El tío Benjamín vivió en Arroyo De En Medio -hoy Enrique Estrada- y casó con Rosita, hija de una familia Ibarra, de las más pudientes de esa comunidad. Allí conocí de cerca los tractores, los molinos de nixtamal y las refaccionarias. La casa de sus suegros estaba en la carretera Panamericana, precisamente enfrente de la escuela del lugar. Una casa campesina, con terreno grande y reducida en habitaciones, pero con un corral de buen tamaño, siempre repleto de animales que bajaban de la sierra para terminar su engorda y ser vendidos luego.
El tío Benjamín tenía ojos profundos del color de la miel. Era guapo, de piel un poco más oscura que la del resto de sus hermanos. Me llamó siempre la atención en él, una bola blanda en su cuerpo, arriba de la cintura hasta llegar a la axila prácticamente, rellena de una sustancia acuosa, como de unos tres litros, que él decía era pus en tanto aseguraba, que de eso iba a morir. Nos gustaba tocarla cuando éramos niños, aunque él presentaba cierta resistencia a que lo hiciéramos.
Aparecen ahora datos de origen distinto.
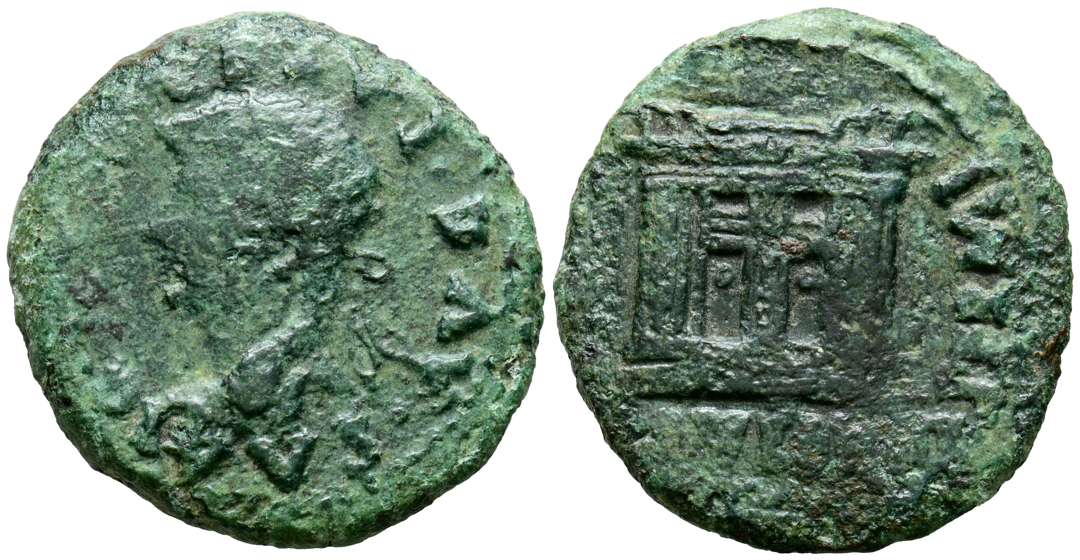 EMERITA AUGUSTA (Mérida, Badajoz). As. (Ae. 10,93g/27mm). 14-36 d.C. (FAB-1051). Anv: Cabeza de Augusto radiado a izquierda, alrededor leyenda: DIVVS AVG PATER CAE. Rev: Ara, alrededor leyenda: PERMI AVG PROVIDENT. MBC-.
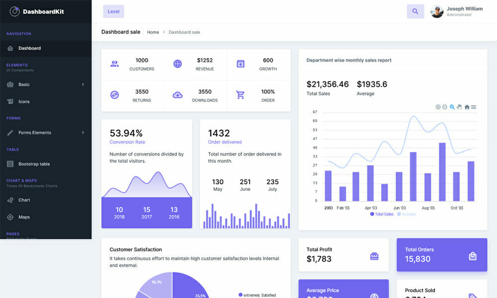 Voler es una plantilla de panel administrativo. Voler incluye un diseño intuitivo, junto con muchas características útiles que rara vez se ven en las plantillas administrativas tradicionales. Voler es modificable y adaptable, por lo que todo el mundo puede tener el tablero de instrumentos perfecto y único a su estilo. Cree un panel de control personalizable en cuestión de horas con Voler.

En septiembre pasado, cuando acudí al funeral de mi madre lo vi igual: la bola un poco más reducida y al parecer nunca le molestó. Seguía vivo, eso era lo importante.
Rosita le dio siete hijos varones. No llegaba la niña, tan necesaria para las labores de la casa. Insistieron para que al fin les naciera una niña rubia, hermosa como todas las Félix.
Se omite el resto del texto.